All the emotions I’d been keeping in check flew out like a swarm of bees released from an apiary. “Apparently one of us is.” I knew she could probably hear me with her stupid clairaudient knack. I just didn’t care.
“This is silliness.”
“I agree.”
“You were right earlier,” Lon said, obviously not concerned if Rose could hear us, either. “This is about Yvonne.”
Clearly. But I still stood by what I said: I was not Yvonne. And Jupe wasn’t going to follow in his mother’s footsteps just because his father’s girlfriend worked in a bar or lived in his house without getting a ring on her finger first.
Rose was trying to push my buttons. Testing me. Maybe she wanted to see how far she could shove me until I broke and caused a huge scene. Then I would be the bad guy. I would be the one who ruined Christmas.
If I stayed, she’d leave, and Jupe would be upset. On the other hand, if I was the one who left, Jupe might just be confused. Better confused than caught in the middle of a family fight. As jealous as I was of these two women, and obviously I was—but, come on! How could I not be?—there was no way I was going to fight Rose Giovanni to prove a point.
Dammit.
I found a clean space on one of his photography tables next to the door to the darkroom and laid down the sketch paper there. After lining them up, I carefully folded and creased the papers together into a neat square, which looked a little like the white flag I was now ready to wave. “I’ll leave,” I said, turning around to face him.
Towering over me, Lon placed one hand on the edge of the table near the right side of my hip, then the other on the left, trapping me inside his arms. He shook his head slowly, then leaned down and dragged his mouth over my cheek. “No,” he whispered in my ear.
He kissed me, softly, deliberately slow. My resolve liquefied. His hips pushed against my lower stomach.

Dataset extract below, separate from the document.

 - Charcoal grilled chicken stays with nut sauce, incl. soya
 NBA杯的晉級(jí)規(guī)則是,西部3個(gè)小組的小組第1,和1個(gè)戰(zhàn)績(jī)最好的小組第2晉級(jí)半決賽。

Was there anything better than this?
“No,” he repeated against my lips.
Sure, he was using sex against me. And as far as arguments went, it was a good one. Just sex with Lon on its own was enough to sway me, but now his head dipped and he was inhaling deeply against my neck, his expanding lungs pushing his stony chest into my breasts as he sucked in the scent of my skin. His loose, honey-colored hair fell over my face, and I was overwhelmed by the urge to beg him to hold me. To give me a refuge. To allow me an unguarded moment. Because of all the things he could do to me, do for me, this particular ability was high up on the list. No one else, not a single living, breathing soul on this plane or the next, could I trust like I trusted Lon.
I didn’t always understand him. His motivations were often half-hidden, and the quiet strength he commanded, especially when he was transmutated, was sometimes frightening and alien to me.

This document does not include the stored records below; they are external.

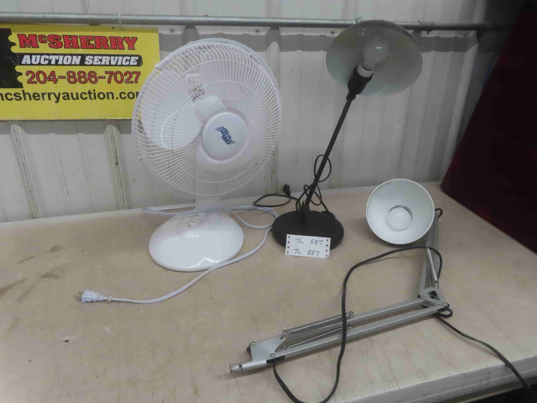 12'' Oscillating Fan, 2 Desk Lights
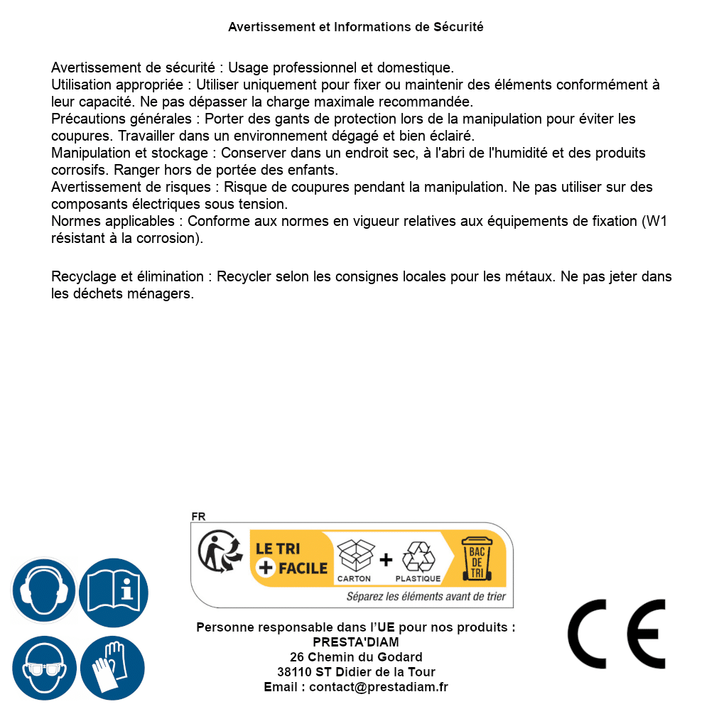 | WARNUNG und SICHERHEIT | Identification de la personne responsable dans l’UE : Nom : PRESTA'DIAM. Adresse : 26 Chemin du Godard, 38110 ST Didier de la Tour (France). Email : contact@prestadiam.fr. |
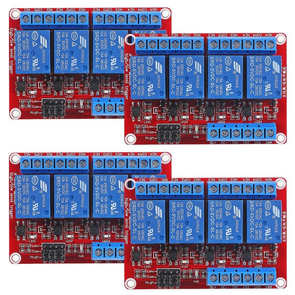 DWEII 4pack 4 Channel 5V Relay Module with Optocoupler High or Low Level Trigger Expansion red Board for Raspberry Pi Arduino
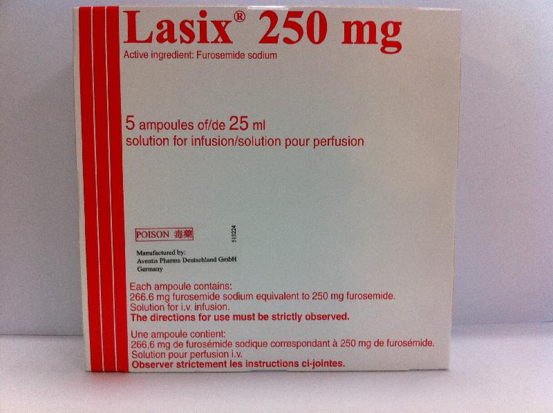 The Department of Health (DH) today (April 7) instructed licensed drug wholesaler, Sanofi-Aventis Hong Kong Limited, to recall 12 batches of a pharmaceutical product called "Lasix 250mg/25ml injection" (Registration number: HK-05566) from market because of potential safety issue.

Yet I trusted him. Utterly. And after what I’d been through with my parents, this was no small feat.
“Let me handle this. I’ll convince her to stay,” he murmured. “No one’s leaving.”
But an insistent thought danced in the back of my mind and wouldn’t leave, dousing my body’s revving heat. Even if Lon could convince Rose to stay, even if he changed her mind, what was I going to do? Go to bed with Lon, knowing she could hear the sheets rustle? She could probably hear the shiver-inducing scrape of his mustache against my neck right now.